Gadgetman: Untangle Review – One Year On

Over the past 10 months or so I have been running a Linux based Internet Gateway to help protect my network, and more importantly the users on it, from the threats that lurk on the big bad interaweb.

I originally found out about Untangle whilst looking into ISA Server, and what I found was a Linux based system that can run on nearly any hardware and still provides more features than ISA Server, and best of all is free! (well, free as in Open Source).

You can read about my original impressions on Untangle here.

Having migrated through a few different servers, the outcome after nearly a year is a network free of any spyware, viruses or attempted break-ins. Compared to the years before that when I had to regularly rebuild PC’s from scratch to ensure I got rid of virus infections, it was a much better year.

I am now running Untangle on a Shuttle XPC, a SD36G5M, which has a Pentium D 3.0Ghz (the Pentium D is a dual core model, not a hyper-threaded model), 2GB RAM and a 80GB hard drive.  I have run Untangle on a P3 1.26Ghz machine and it flys on both configurations.

I have tested my network connection through SpeedTest and Untangle makes no difference to my throughput.  (For reference I have a residential ADSL2+ service which is connection to a roadside cabinet rather than an exchange, and I get about 13Mb/s downstream).
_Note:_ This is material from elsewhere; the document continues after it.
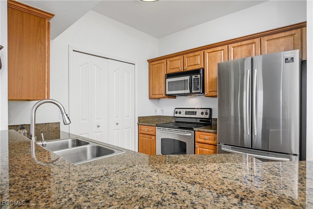 Welcome to Positano Place, where LOCATION truly matters! This stunning and immaculate two-bedroom, two-bathroom condo offers an affordable opportunity to live or rent in the highly coveted 34105 zip code, known for its A+ rated schools. Ideally situated on the 3rd floor, this unit provides the perfect balance of privacy and convenience, with easy access via stairs or a common elevator. Enjoy the short walk to the resort-style clubhouse, where you can indulge in a warm-heated swimming pool and spa, clubrooms, fitness center, and internet access. For added convenience, there’s an option to purchase a deeded garage—just ask for details. The interior boasts a bright and open concept living and dining area, complemented by a beautifully appointed kitchen featuring granite countertops, stainless steel appliances, a raised bar height counter, and a cozy eat-in dining nook. The main living areas are tiled, while the bedrooms offer plush carpeting. A private terrace provides the perfect spot to sip your morning coffee and take in the serene surroundings. Additional features include a split bedroom layout and a convenient in-home laundry room with a concealed washer/dryer area. Living in Positano Place means being just a short 10-minute ride to the pristine white sandy beaches and the vibrant shopping and dining scenes of 5th Avenue and Mercato. The area offers an array of conveniences, including nearby Starbucks, fitness centers, Pilates studios, restaurants, ice cream shops, a kids’ medical center, and more. Embrace the Naples lifestyle in this prime location and enjoy everything the 34105 zip code has to offer!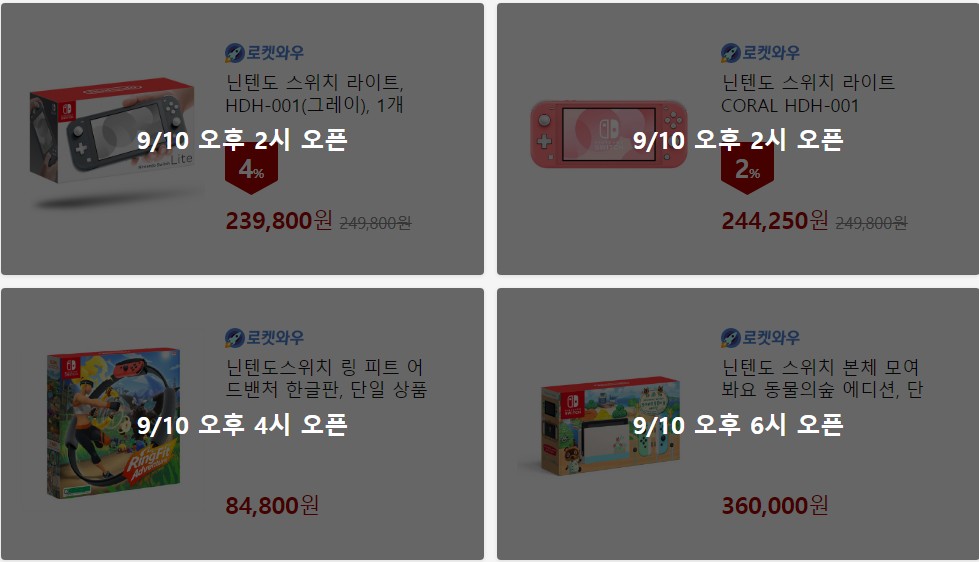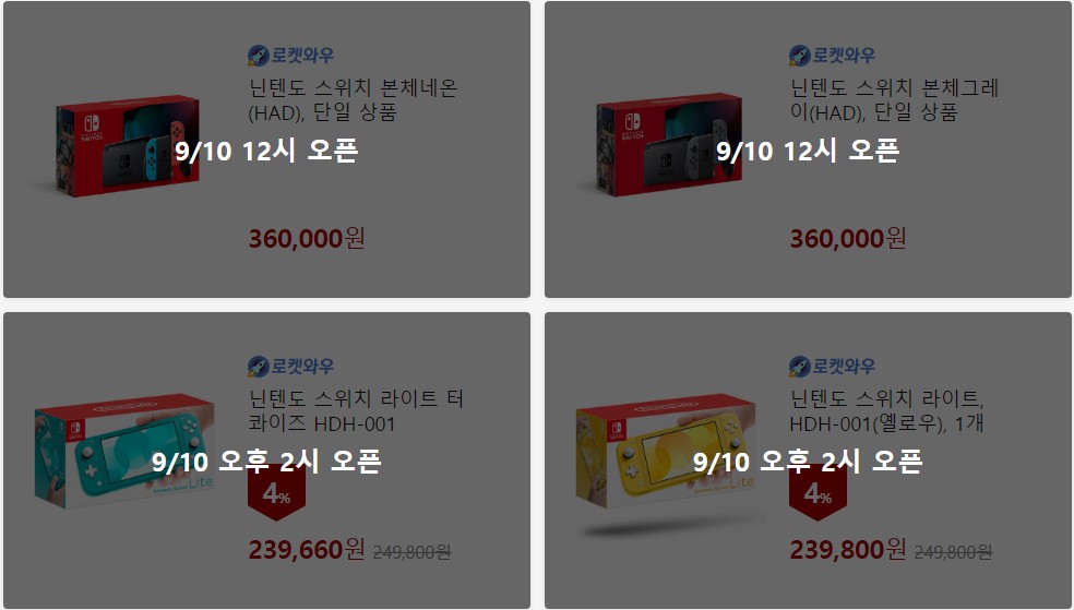 잠시 후 12시부터 닌텐도 스위치 본체 네온(그레이) 단일상품을 시작으로 2시 닌텐도 스위치라이트

Of course it needs two NIC’s so I use the built in Gigabit Ethernet to connect to the LAN and a second NIC for connection to my ADSL modem. The Untangle site has a nice diagram to show it all:

The services offered by Untangle depend on if you go for the free version, or stump or for some paid for services. For my situation, a home environment with less than 10 workstations, I was more than covered by the free modules, which include (amongst others):

• Web Filter – does what you would think, that is runs all web requests through a filter and either allows or denies the request. By default is blocks sites like porn, gambling, etc, but the lists are completely configurable, like a lot of Untangle things! I use this quite a lot to tweak my settings. Strange sites like miniclip.com and pricespy.co.nz don’t work without being added, and both are fine.
• Protocol Control – This allows fine control over the protocols passed and/or blocked by Untangle. There are about 100 protocols listed by application, such as peer-to-peer (Bittorrent, LimeWire etc), chat (MSN etc), etc etc. This allows blocking all traffic of one type at a central point, and reports to be generated on these blocked protocols by user.
• Spam Blocker – Scans all mail and checks it against a spam database, and either marks the email and allows it through or deletes it.
• Reporting – One of the best parts of Untangle is that it can generate daily and weekly reports by module by user, giving full insight into who used by the most data, the most popular sites etc. Reports can be emailed or viewed through the web interface. The reporting module also allows users to be defined by static IP addresses to make per-user reporting possible.

Untangle can be accessed from either the machine it is installed on, or via a web interface, which provides full control over all aspects, including configuration, reporting, upgrading and even rebooting.

Overall Untangle provides everything I need, bar one feature – a caching proxy. It is possible to manually add one such as Squid and it can help reduce data usage and therefore costs. There is even a blog post which shows how to use it to cache Windows Updates, a bit like a WSUS server!

Whilst I only have a very small LAN there are users in the Untangle forums who have networks of over 1000 machines protected.

So if your serious about the security of your machines, or just want visibility of whats happening and by who, I would definitely recommend Untangle. It’s free, it works, and it doesn’t require a massive PC to work on.